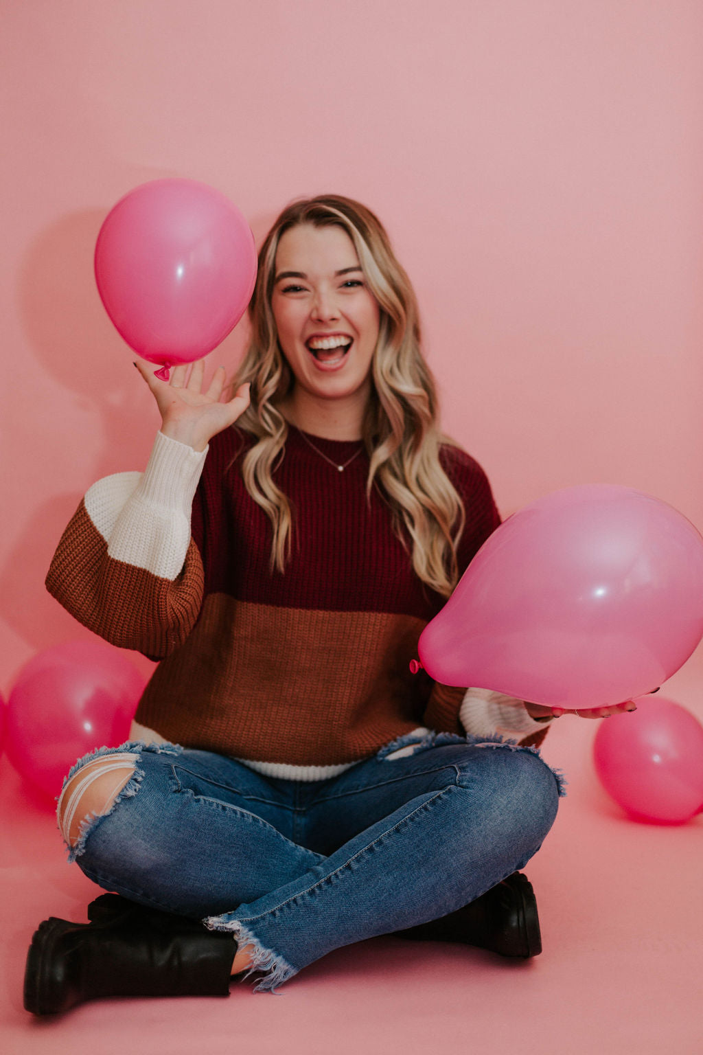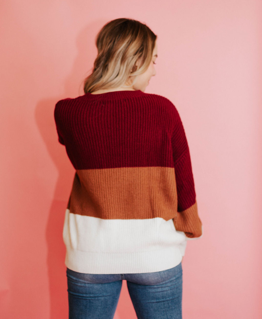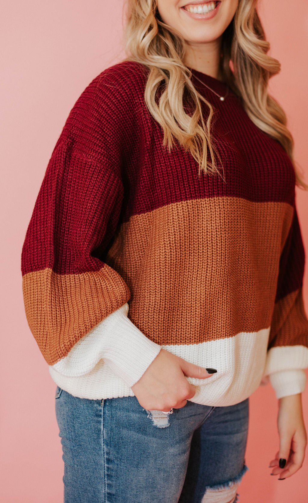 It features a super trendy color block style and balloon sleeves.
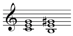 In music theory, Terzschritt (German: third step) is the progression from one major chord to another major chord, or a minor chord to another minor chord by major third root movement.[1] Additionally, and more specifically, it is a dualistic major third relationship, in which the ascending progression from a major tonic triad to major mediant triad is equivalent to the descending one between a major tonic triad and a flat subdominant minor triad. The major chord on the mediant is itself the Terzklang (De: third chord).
++++++++++
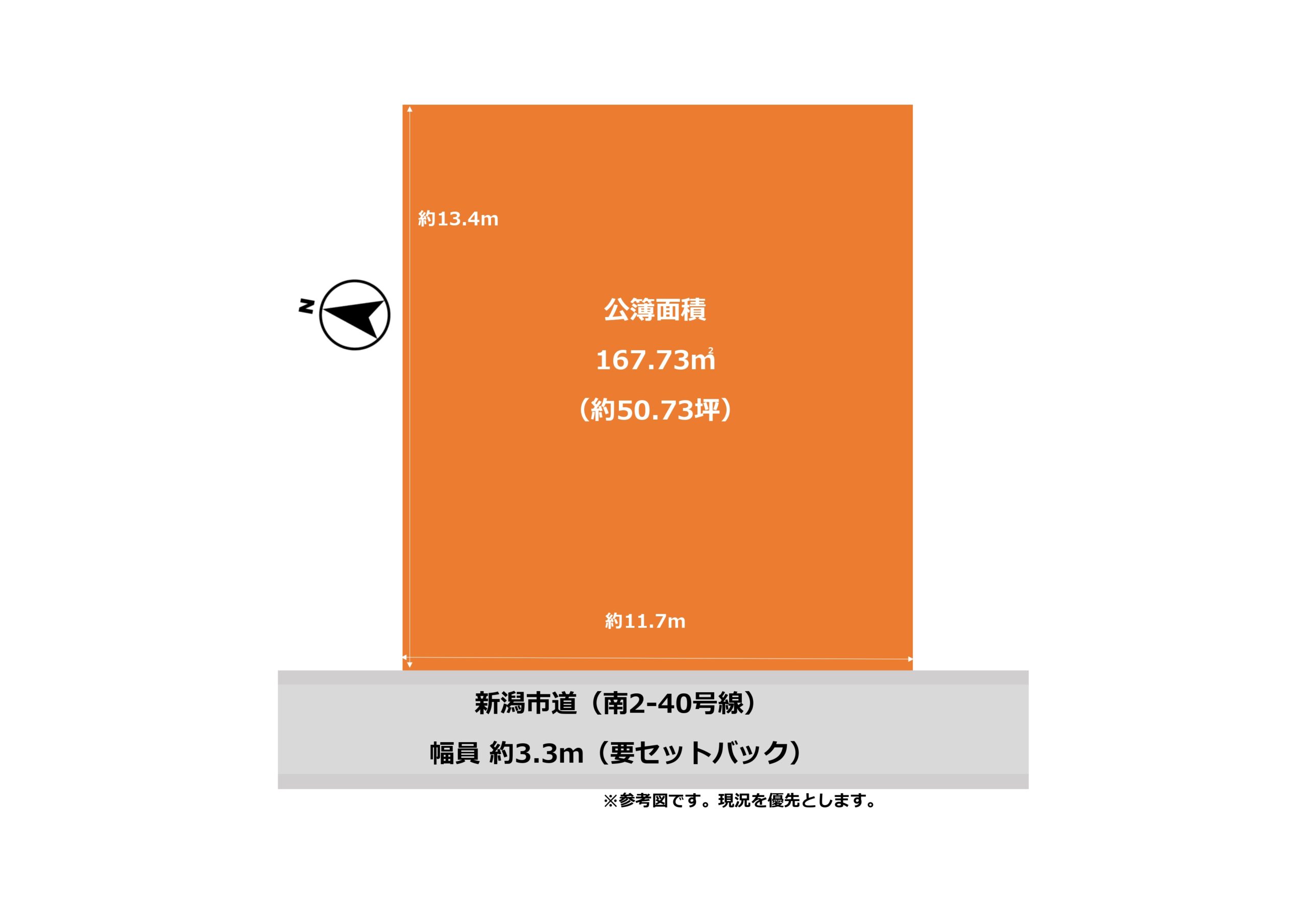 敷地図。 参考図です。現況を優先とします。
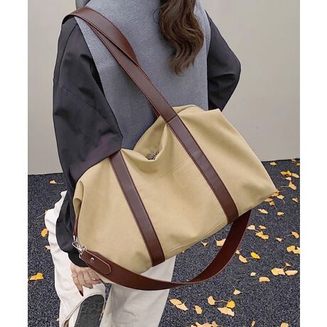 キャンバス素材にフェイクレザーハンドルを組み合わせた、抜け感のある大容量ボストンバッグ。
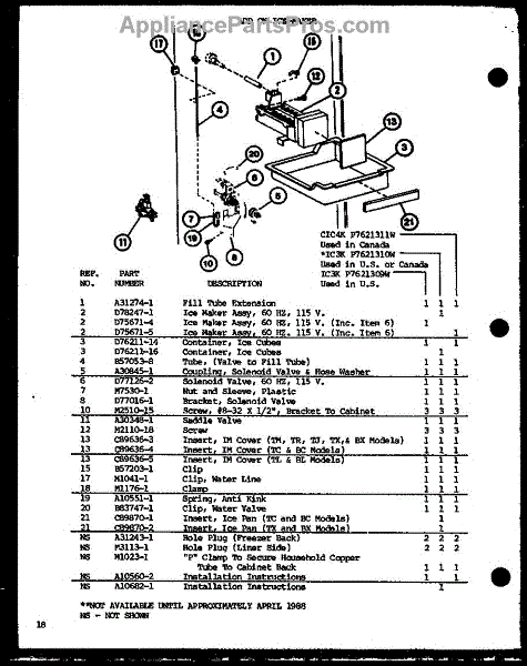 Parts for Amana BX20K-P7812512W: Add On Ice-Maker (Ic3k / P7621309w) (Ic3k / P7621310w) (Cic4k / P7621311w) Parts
++++++++++
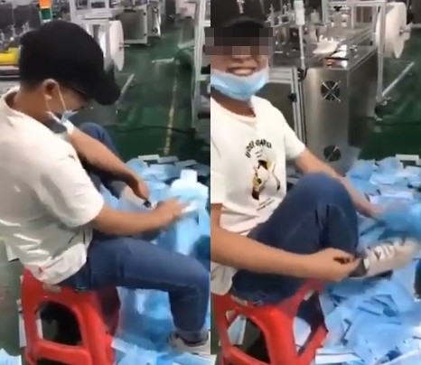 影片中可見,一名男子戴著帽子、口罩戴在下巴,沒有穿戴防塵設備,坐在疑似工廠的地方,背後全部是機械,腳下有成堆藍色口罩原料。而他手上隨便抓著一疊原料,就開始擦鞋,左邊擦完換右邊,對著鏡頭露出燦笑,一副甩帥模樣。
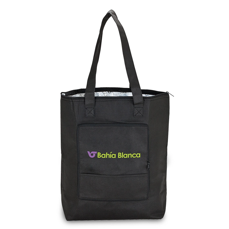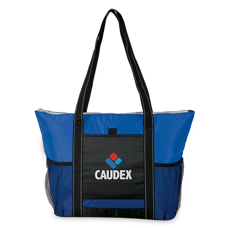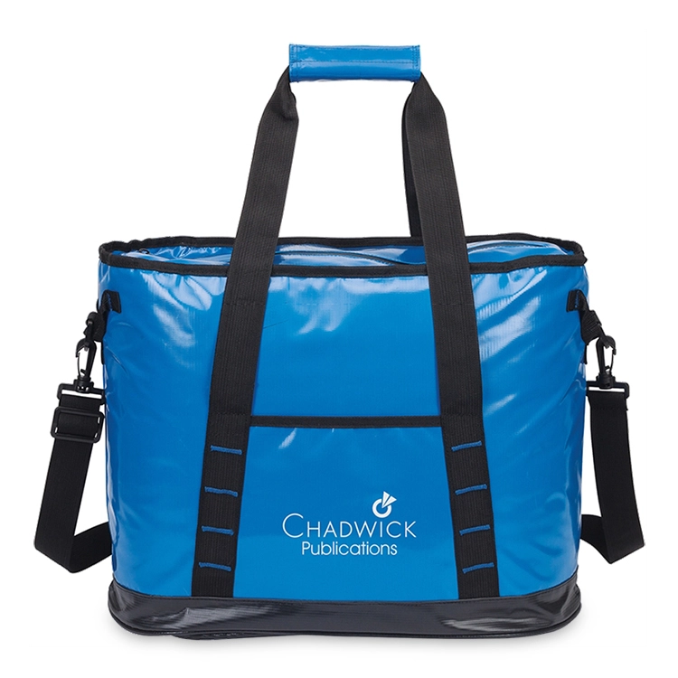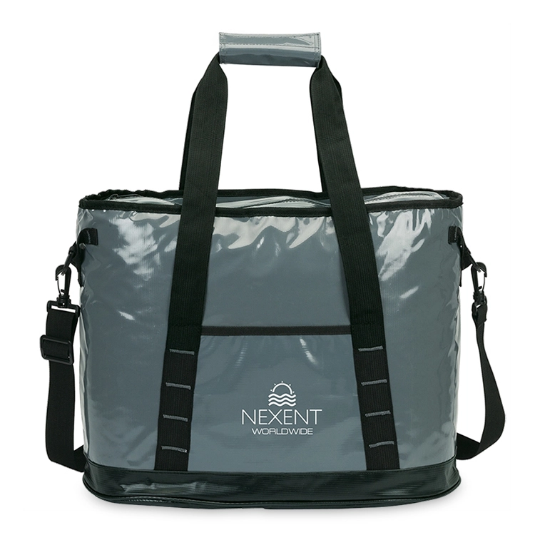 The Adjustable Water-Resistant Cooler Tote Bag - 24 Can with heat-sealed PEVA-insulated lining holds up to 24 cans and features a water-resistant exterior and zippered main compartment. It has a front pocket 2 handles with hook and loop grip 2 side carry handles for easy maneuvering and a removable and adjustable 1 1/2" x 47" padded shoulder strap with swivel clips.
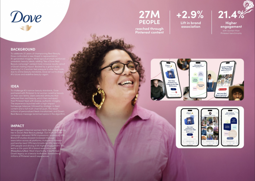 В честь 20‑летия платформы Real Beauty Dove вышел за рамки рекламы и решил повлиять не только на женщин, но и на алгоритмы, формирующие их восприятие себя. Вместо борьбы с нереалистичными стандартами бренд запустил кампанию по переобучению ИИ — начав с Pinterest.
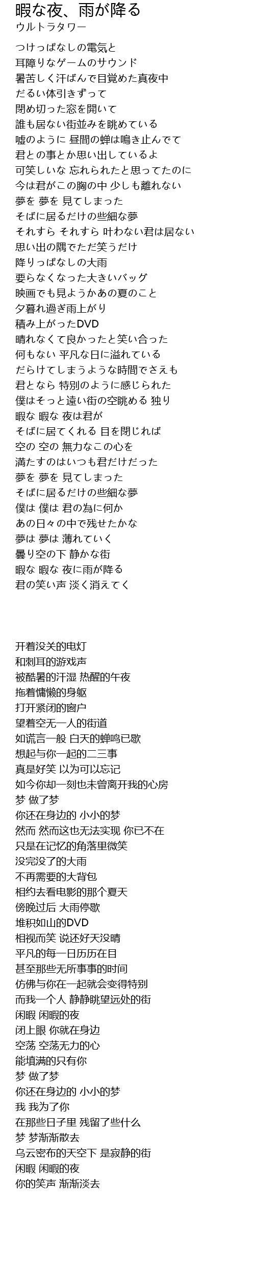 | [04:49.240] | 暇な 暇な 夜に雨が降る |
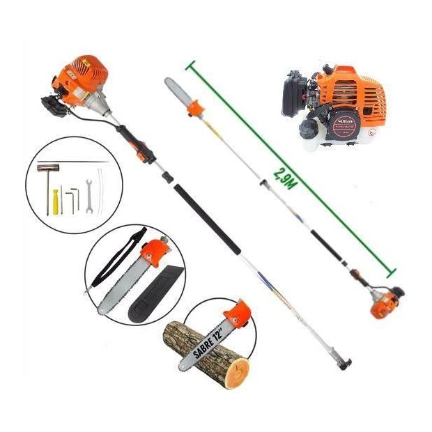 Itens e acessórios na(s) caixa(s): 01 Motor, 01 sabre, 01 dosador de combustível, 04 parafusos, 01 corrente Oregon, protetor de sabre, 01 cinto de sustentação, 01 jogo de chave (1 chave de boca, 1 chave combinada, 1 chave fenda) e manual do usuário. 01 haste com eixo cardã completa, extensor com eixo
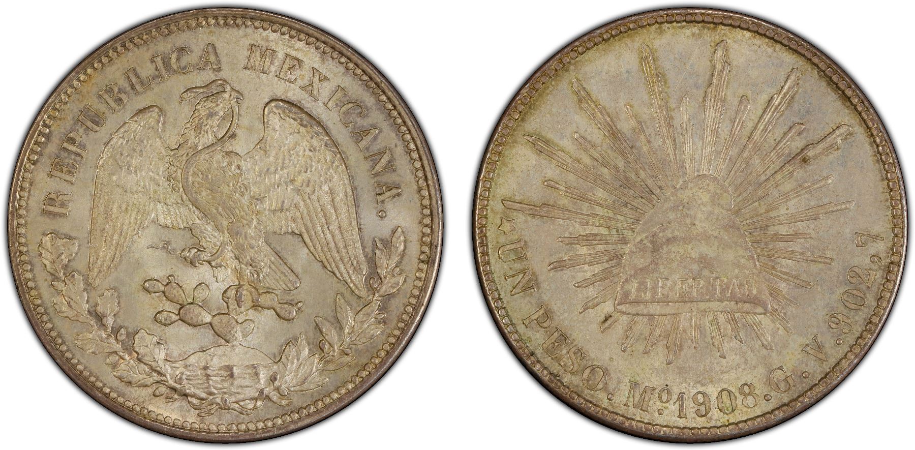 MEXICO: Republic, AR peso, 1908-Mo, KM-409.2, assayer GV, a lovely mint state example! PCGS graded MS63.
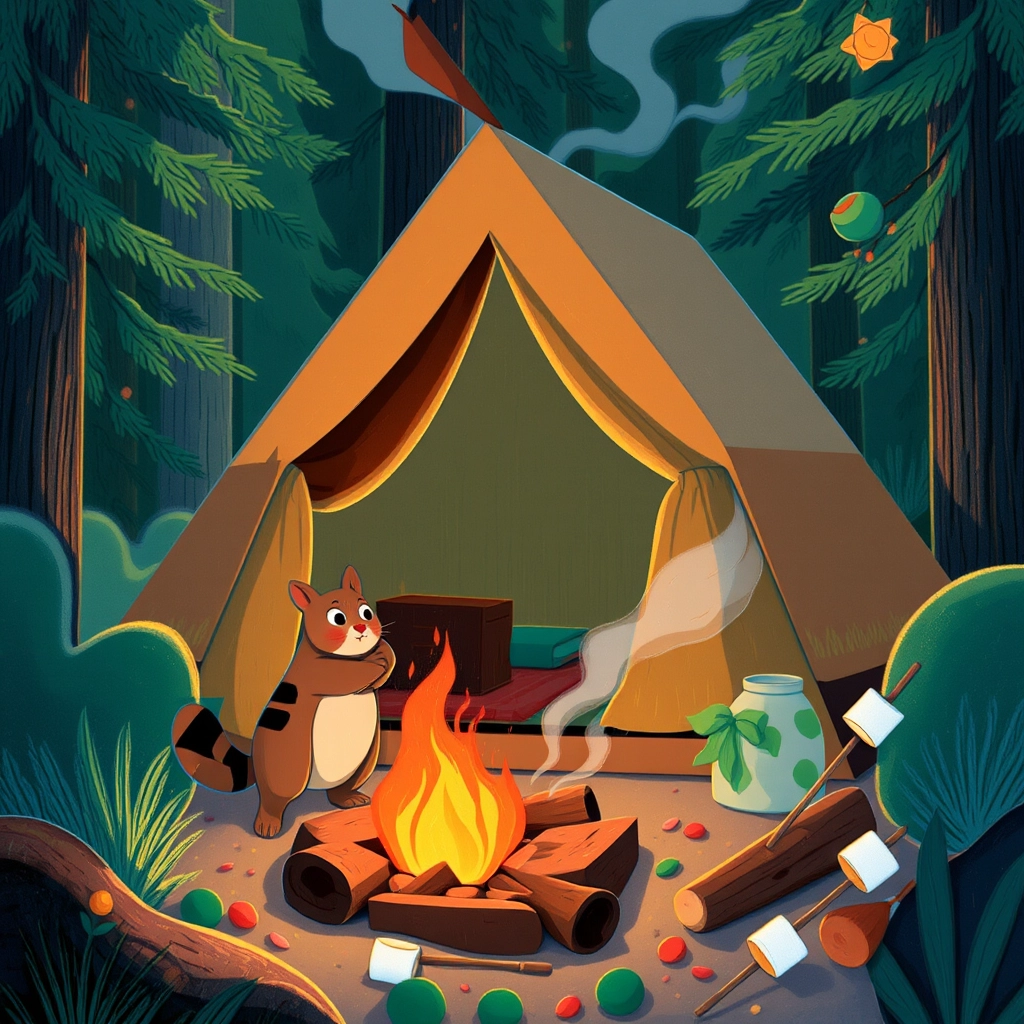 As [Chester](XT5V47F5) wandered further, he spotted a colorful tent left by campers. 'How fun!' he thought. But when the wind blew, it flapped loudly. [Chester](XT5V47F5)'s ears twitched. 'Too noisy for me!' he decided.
++++++++++
Range to copy from the listing above: the line containing "The Adjustable Water-Resistant" down to the line containing "MEXICO: Republic, AR", both included. Reproduce it exactly, minus the pictures, and add nothing.

_Answer box_:
 The Adjustable Water-Resistant Cooler Tote Bag - 24 Can with heat-sealed PEVA-insulated lining holds up to 24 cans and features a water-resistant exterior and zippered main compartment. It has a front pocket 2 handles with hook and loop grip 2 side carry handles for easy maneuvering and a removable and adjustable 1 1/2" x 47" padded shoulder strap with swivel clips.
 В честь 20‑летия платформы Real Beauty Dove вышел за рамки рекламы и решил повлиять не только на женщин, но и на алгоритмы, формирующие их восприятие себя. Вместо борьбы с нереалистичными стандартами бренд запустил кампанию по переобучению ИИ — начав с Pinterest.
 | [04:49.240] | 暇な 暇な 夜に雨が降る |
 Itens e acessórios na(s) caixa(s): 01 Motor, 01 sabre, 01 dosador de combustível, 04 parafusos, 01 corrente Oregon, protetor de sabre, 01 cinto de sustentação, 01 jogo de chave (1 chave de boca, 1 chave combinada, 1 chave fenda) e manual do usuário. 01 haste com eixo cardã completa, extensor com eixo
 MEXICO: Republic, AR peso, 1908-Mo, KM-409.2, assayer GV, a lovely mint state example! PCGS graded MS63.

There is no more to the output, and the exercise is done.